It is important to note that if each habitat can support individuals alone, the definition of the source and sink habitat are context dependent. There are indeed regions where the migration rates and populations in each habitat make habitat B the source where FB > 0 and habitat A the sink where FA < 0.

Consequences of Habitat-Dependent and Phenotype-Dependent Therapies

Witihin the context of a soft-sink, we set migration values to mA = mB = 10−3 so as to be in the speciation regime of the phase portrait, and analyze the eco-evolutionary dynamics of cancer cells under two types of therapy: habitat dependent and phenotype dependent.
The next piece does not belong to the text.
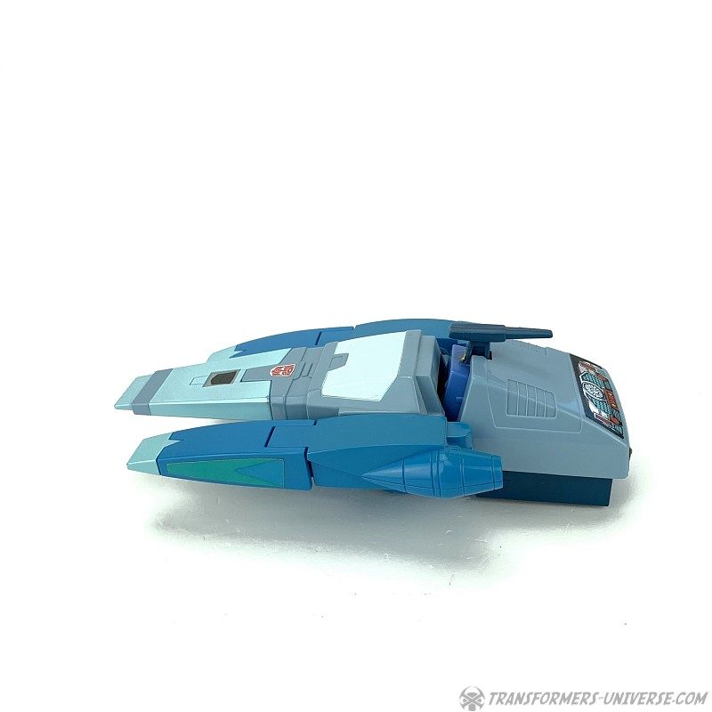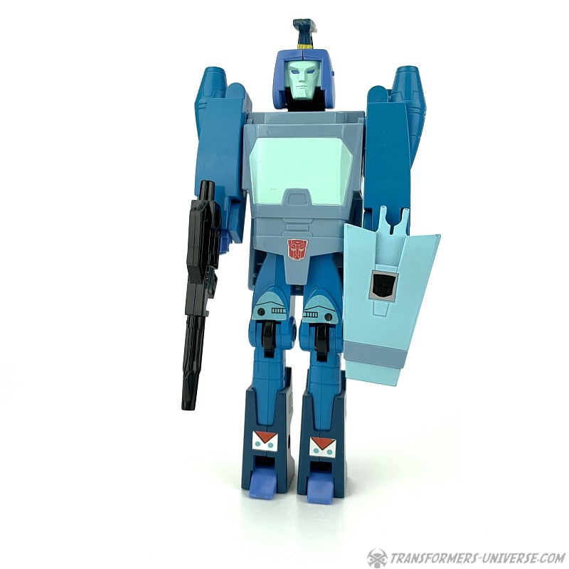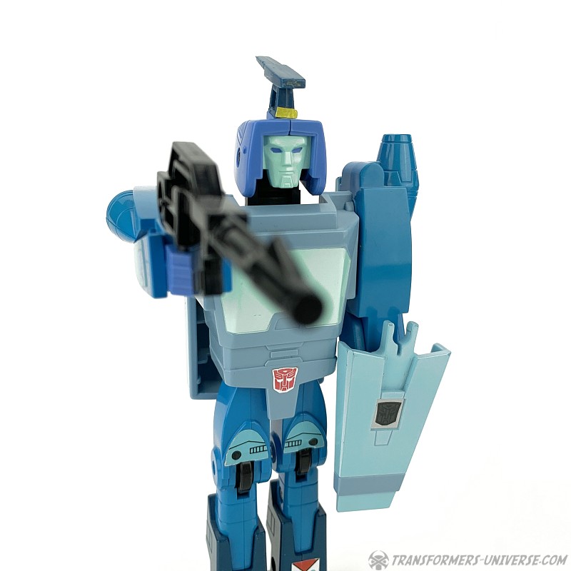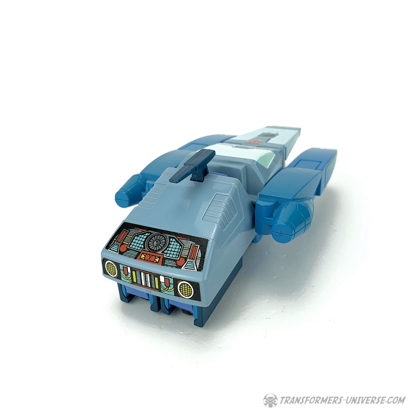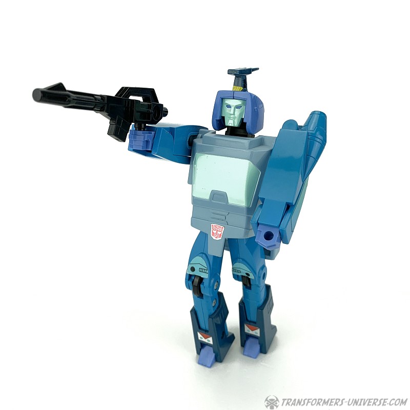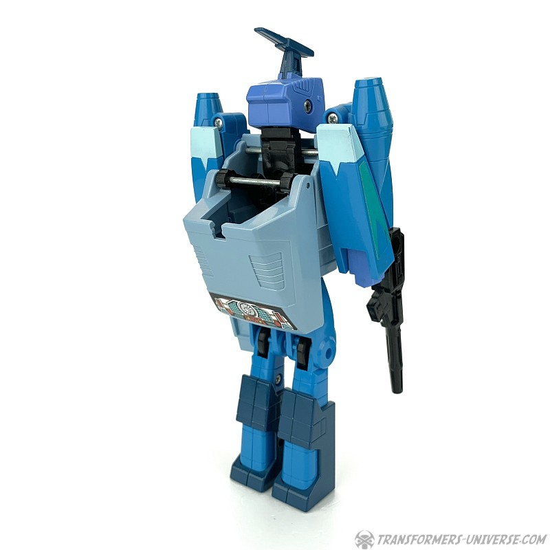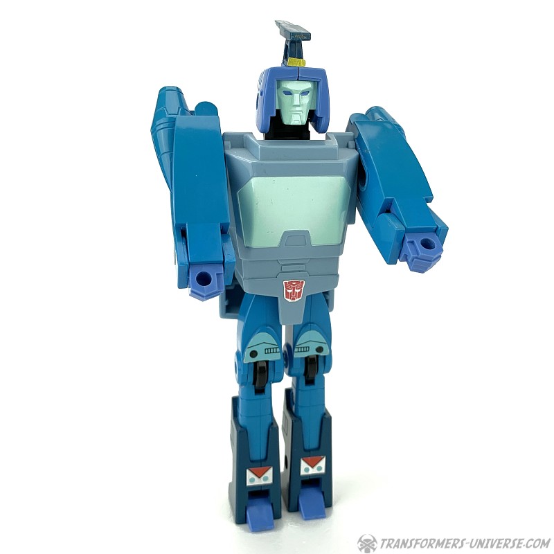 Robotermodus: 1986 bestand die Transformers Produktreihe erstmals nicht mehr nur aus schon vorher existierenden Diaclone und Microman Figuren, sondern begann die Regale mit neuentstandenen Figuren zu befüllen. Blurr war einer der ersten dieser Original-Transformers und stellt eine recht tiefgreifende Veränderung gegenüber den vorherigen Designs dar. Ab diesem Punkt ging es bei Transformers mehr um den Roboter- denn einen realistischen Fahrzeugmodus. Blurr ist eine ziemlich gute Abbildung des Charakters, den wir im 1986er Kinofilm und der dritten Staffel des G1 Cartoon sahen. Speziell sein Gesicht ist toll skulptiert und sieht super aus.

First, we consider habitat treatment under which all species in habitat A (the source habitat) are subject to the effects of therapy, regardless of their strategy. Species in habitat B are not directly affected by this treatment. In ecology, this is analogous to the application of pesticide to a portion of farmland. In cancer, it pertains to the pharmacokinetics of drug delivery through vasculature and the size of the tumor. The drug may only reach certain areas of the tumor at high concentrations (source habitats) but is unable to permeate other regions of the tumor (sink habitats), sheltering these cells from the effects of therapy.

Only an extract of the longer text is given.